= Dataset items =
----------------------------------------
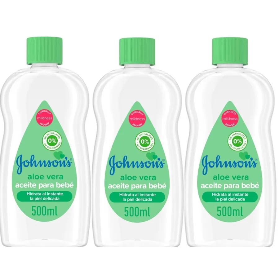 Aceite corporal Johnson’s Baby con aloe vera. Pack Ahorro 3 x 500 ml
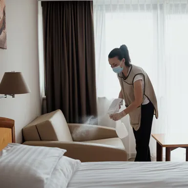 U hotelskoj sobi identificirali smo 8 površina s kojima gosti imaju najviše kontakta te se one dodatno i dubinski čiste i dezinficiraju.
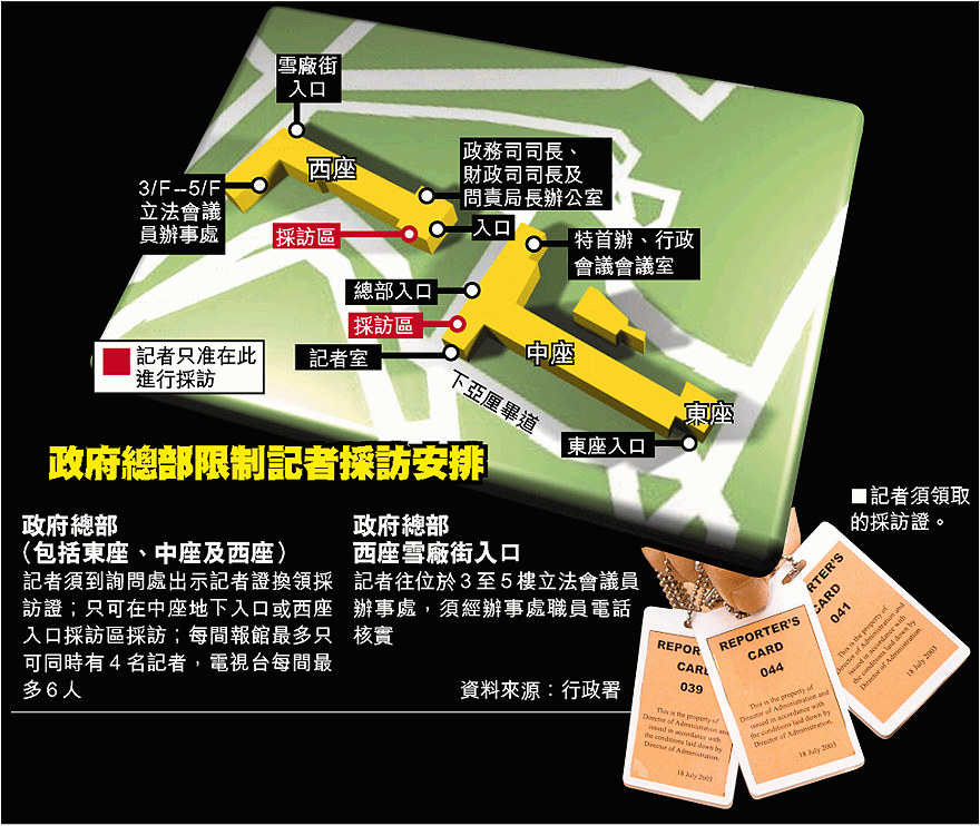 政府由昨日起限制傳媒機構派員前往政府總部採訪的人數,印刷傳媒和電台每間同一時間最多派四人,電視台最多六人。所有記者必須在指定入口出示記者證,換取政府總部採訪證。政府總部中座及西座入口處均以鐵馬劃定採訪區,記者只准在採訪區內進行訪攝,違反規定的記者會被請走。
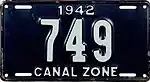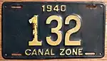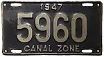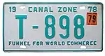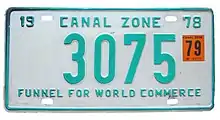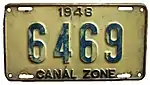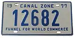 The former U.S. territory of the Canal Zone first issued license plates in 1910, and this continued until the Canal Zone was returned to Panama in 1979.[1] A single plate was issued for all years. The country of Panama also issued Canal Zone license plates for United States citizens that lived in Panama but worked in the Canal Zone, but these plates have the country name "Panama" clearly showing on them.[2] Since reciprocity for license plates between the Canal Zone and Panama did not exist until 1950, old photos often show local vehicles with two different license plates mounted on the vehicle.[3]
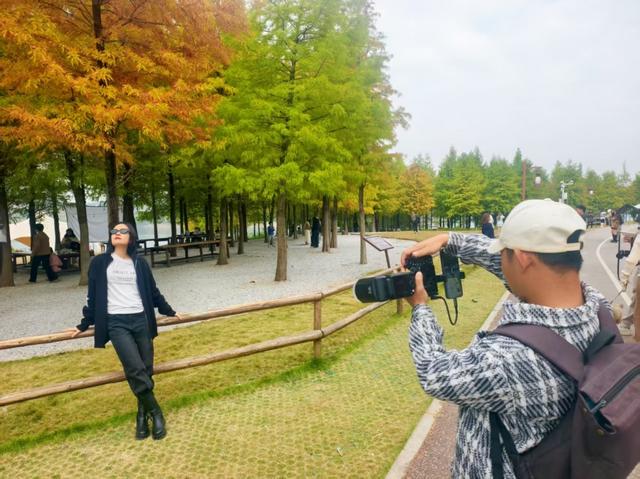 “现在正是落羽杉最美的季节,尤其是江边的美景,我们只需要一个平板,加上一个相机,身后的落羽杉是最真实的背景,无需加滤镜美颜,只需原相机直出就能拍出大片的既视感,这也是不少年轻人喜欢找我们约拍的原因。”星辰说道。
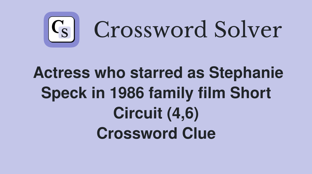 Actress who starred as Stephanie Speck in 1986 family film Short
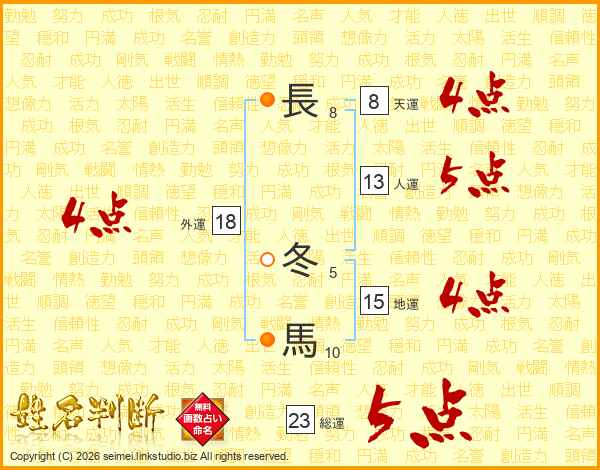 長冬馬さんの総運は23画の5点!
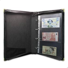 Álbum Fichário 30 Folhas PP para Cédulas 3 Espaços 32x24 Ziper Cobra Fosco GG, é um kit de fichário que acompanha Folhas PP. Seu acabamento é transparente, podendo visualizar as cédulas frente e verso. Essa folha é ideal para você criar aquele mostruário que sempre desejou com sua coleção de cédulas antigas, nacionais ou estrangeras e finalmente poder mostrar sua coleção toda organizada para sua família e amigos.
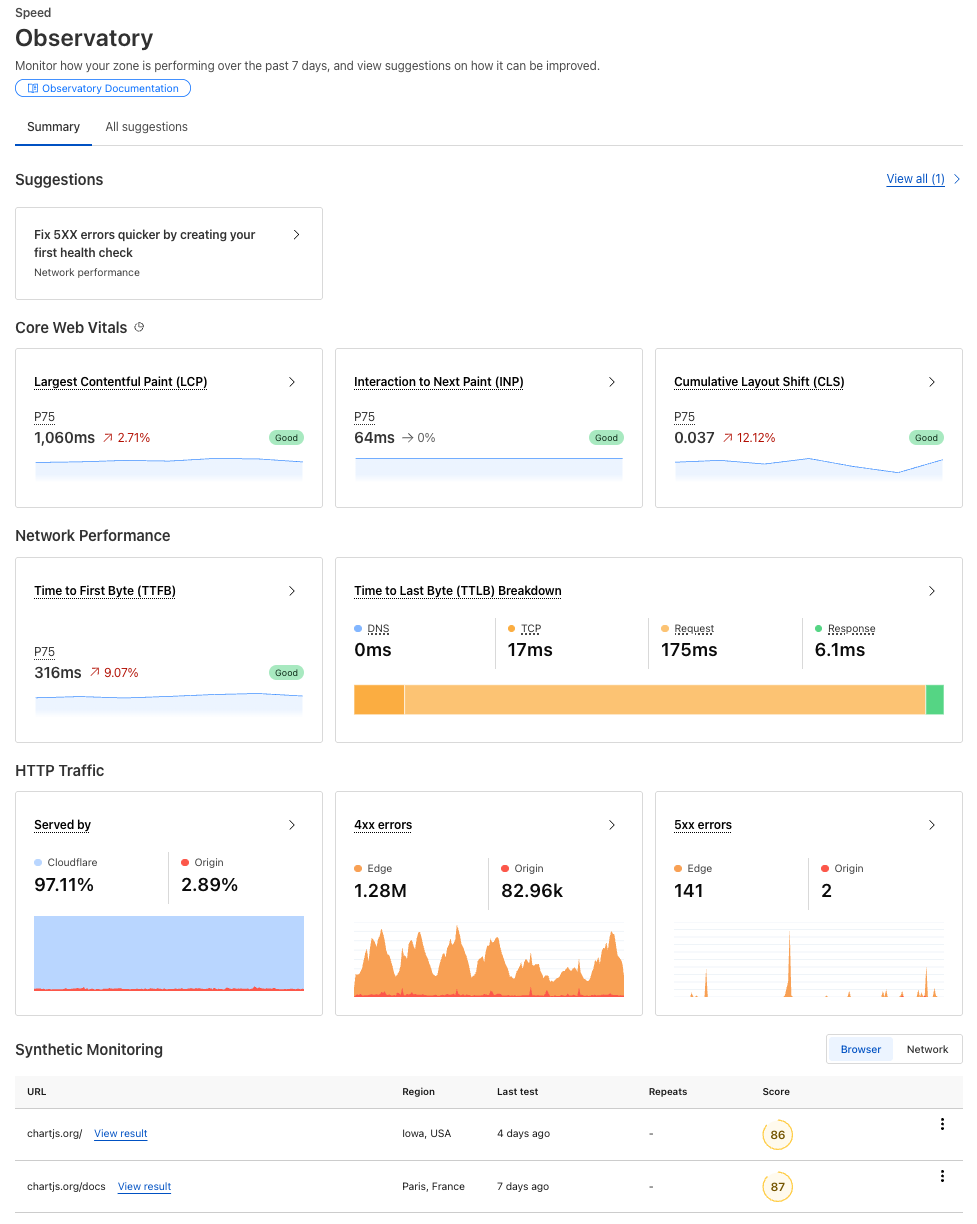 Every day, Cloudflare handles traffic for over 20% of the web, giving us a unique vantage point into what makes websites faster and more resilient. We built Observatory to take advantage of this position, uniting data that is normally scattered across different tools — including real-user data, synthetic testing, error rates, and backend telemetry — into a single platform. This gives you a complete, cohesive picture of your application's health end-to-end, in one spot, and enables you to easily identify and resolve performance issues.
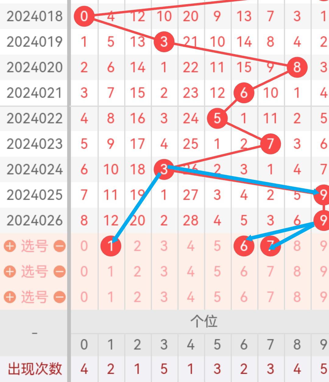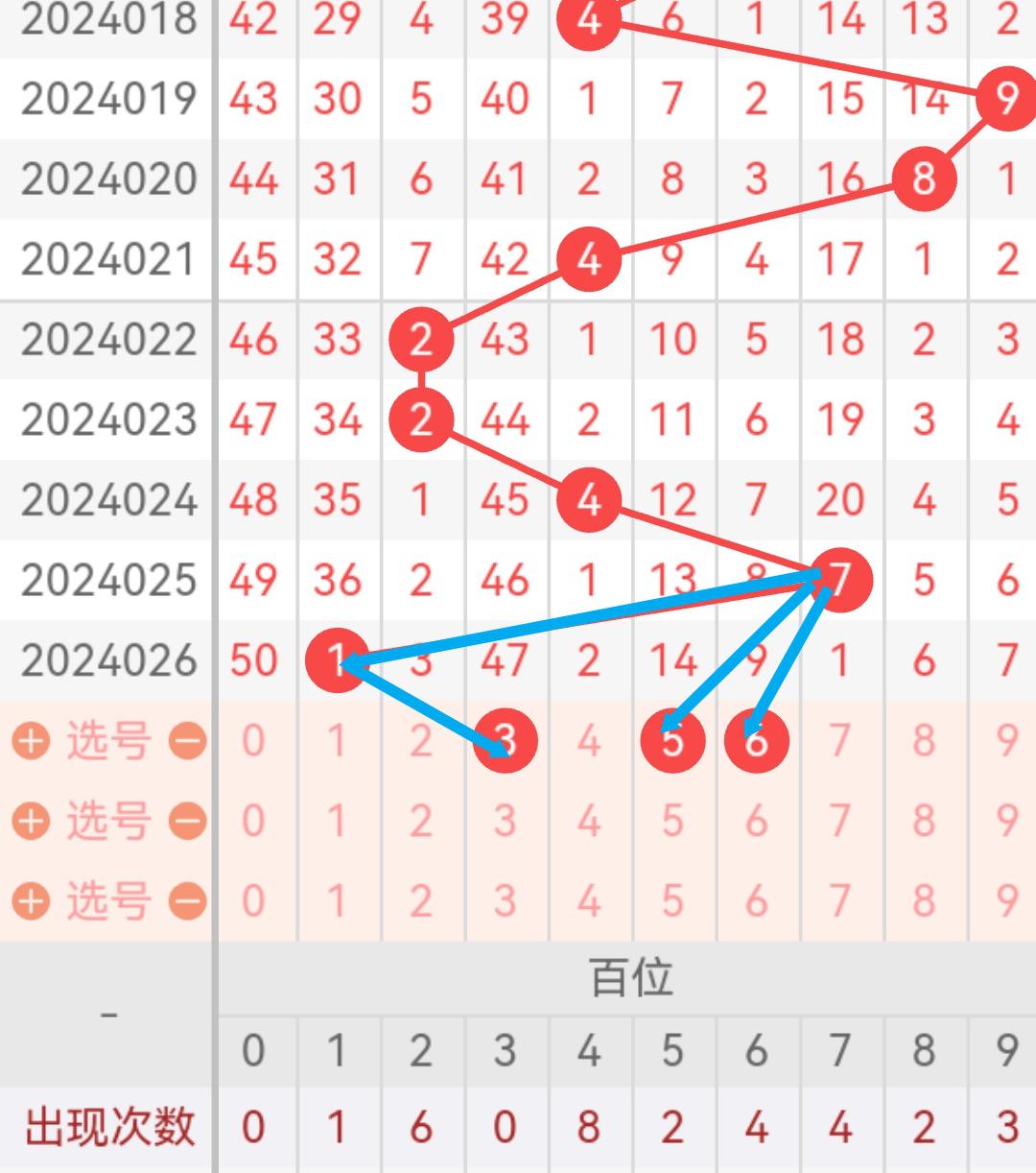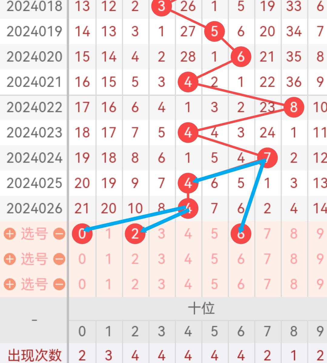 现在我给大家分析下,本期十位可能开出的号吗,上期开出了4,根据走势图我们可以看到,018期开出了3号码球,019期开出了5号码球,020期开出了6号码球,021期开出了4号码球,023期开出了4,024期开出了7号码球,025期开出了4号码球,026期开出了4号码球,根据这几期的走势和历史30期内的走势对比,我们可以先考虑本期可能会出小号,下面我给大家推存十位可能开出的几个号,个人比较看好026,十位我们就先暂定这两个号。本期重点关注0-6之间的号码,同时关注遗漏期数较小的号码。按最近遗漏走势,开了遗漏期数较大之后开遗漏期数小的可能性比较大。
----------------------------------------
= Problem requirements =
Start at the line containing "Actress who starred" above and stop at the line containing "Álbum Fichário 30". Output those lines exactly, both included, but none of the pictures.

= Solution =
 Actress who starred as Stephanie Speck in 1986 family film Short
 長冬馬さんの総運は23画の5点!
 Álbum Fichário 30 Folhas PP para Cédulas 3 Espaços 32x24 Ziper Cobra Fosco GG, é um kit de fichário que acompanha Folhas PP. Seu acabamento é transparente, podendo visualizar as cédulas frente e verso. Essa folha é ideal para você criar aquele mostruário que sempre desejou com sua coleção de cédulas antigas, nacionais ou estrangeras e finalmente poder mostrar sua coleção toda organizada para sua família e amigos.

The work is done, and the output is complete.